Not Approved: The reviewer judges the manuscript to be of poor scientific rigor and of low relevance to management practitioners. In other words, the poor scientific rigor results from serious flaws in the manuscript that significantly compromise the study's findings and conclusions; and/or the study's as a whole is not relevant to a management practitioner audience across all seven relevance criteria.
Reviewers especially those who have either awarded an ‘Approved with Reservation’ or ‘Not Approved’ decision are encouraged to review revised versions of the manuscripts submitted by authors in line with the reviewers’ comments to ascertain if the authors have adequately improved the manuscript to warrant a more favorable approval decision or if a ‘Not Approved’ decision should be a final review decision.

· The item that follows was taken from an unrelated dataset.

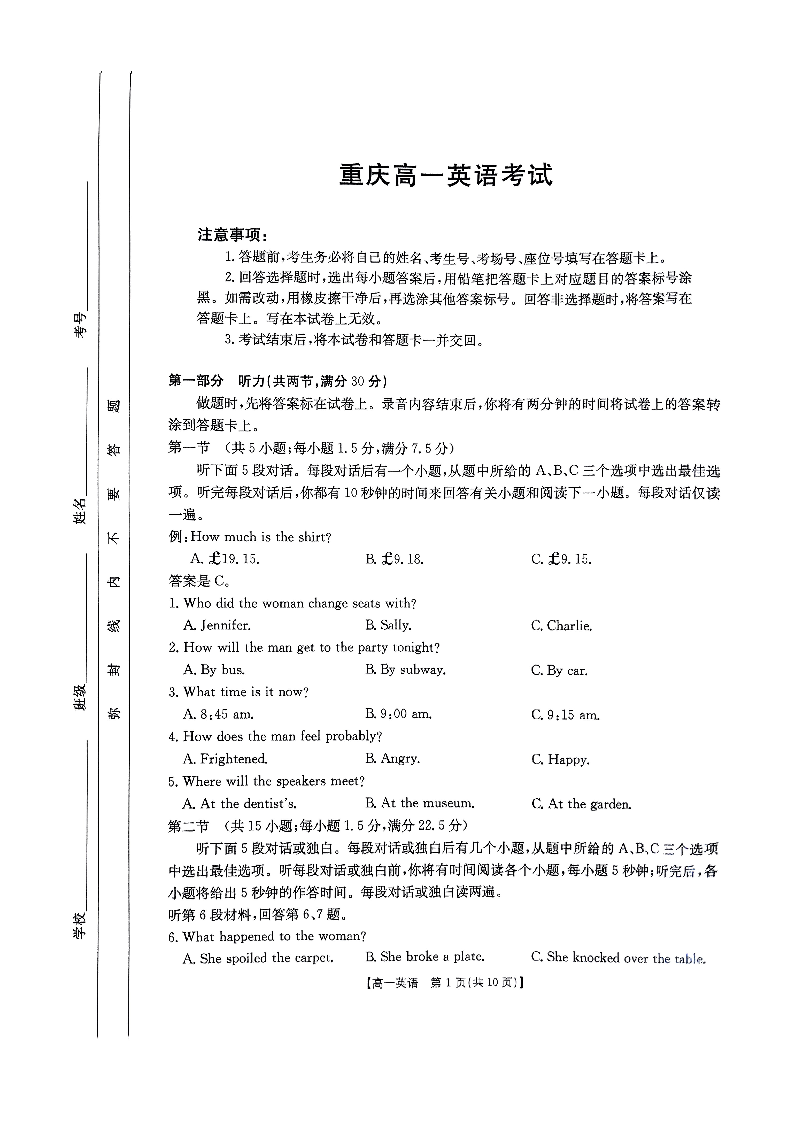 重庆市万州第三中学等多校联考2024-2025学年高一下学期5月月考试题英语+答案

Handling Revisions And Article Updates
At POOMS, we deploy our pioneer innovative dual-output publication format which means that after pre-publication checks are completed for a submission, two outputs are published the concise practitioner-friendly format whose content, language, style and article format is relevance-optimized for easy consumption by our primary target: management practitioners; as well as an innovative and relevance-enhanced regular scientific article very similar to traditional scientific publication formats.
Therefore, when review reports are received for a submission, authors are required to address the issues raised by the reviewers on both manuscripts, by publishing revised versions for both. When necessary, authors can additionally respond to review reports using the article's comment section.
In-line with our commitment to the openness and transparency of the scientific process, we make all versions of our dual-output article publications publicly available, and independently citable. However, only the most recent versions of both output types will be displayed by default on the article's web page here on POOMS, with a summary section at the beginning of each new version displaying at a glance, a short history of the revisions and versions to keep readers up-to-speed on the article's development.
Similarly, in-line with recent developments in scholarly publishing, all articles published in POOMS journals are considered ‘living’ in the sense that long after the peer-review process has been successfully completed, authors can at anytime choose to update the information contained in the long finalized article as new significant developments occur within the corresponding field or topic area that have implications for the study's findings.
Key Takeaways About Our Post-Publication Open Reviews Process
• Our review process is open and gives equal priority to both relevance rigor and scientific rigor (based on our equal relevance & scientific rigor review framework)
• Our review process is post-publication to enable us meet the relevance requirement for timeliness.
• As our process is post-publication, open and accords equal priority to relevance rigor and scientific rigor, it demands high levels of transparency, so it is mandatorily open end-to-end (we believe that openness and transparency safeguards rigor).
• Our review process is not biased against negative or non-significant results. We are methods and article-type agnostic.
• Our open review process is not interfered with by an editor-in-chief, eliminating any opportunity for editorial/review bias. To avoid common issues of bias increasingly reported in traditional management research journals and publishers, our process makes it impossible for manuscripts to be discriminated against based on author nationality, race, institutional affiliation, country or region. All manuscripts are equally and transparently evaluated.
• Practitioners are included in our review teams (at least 2 practitioners, 2 academics).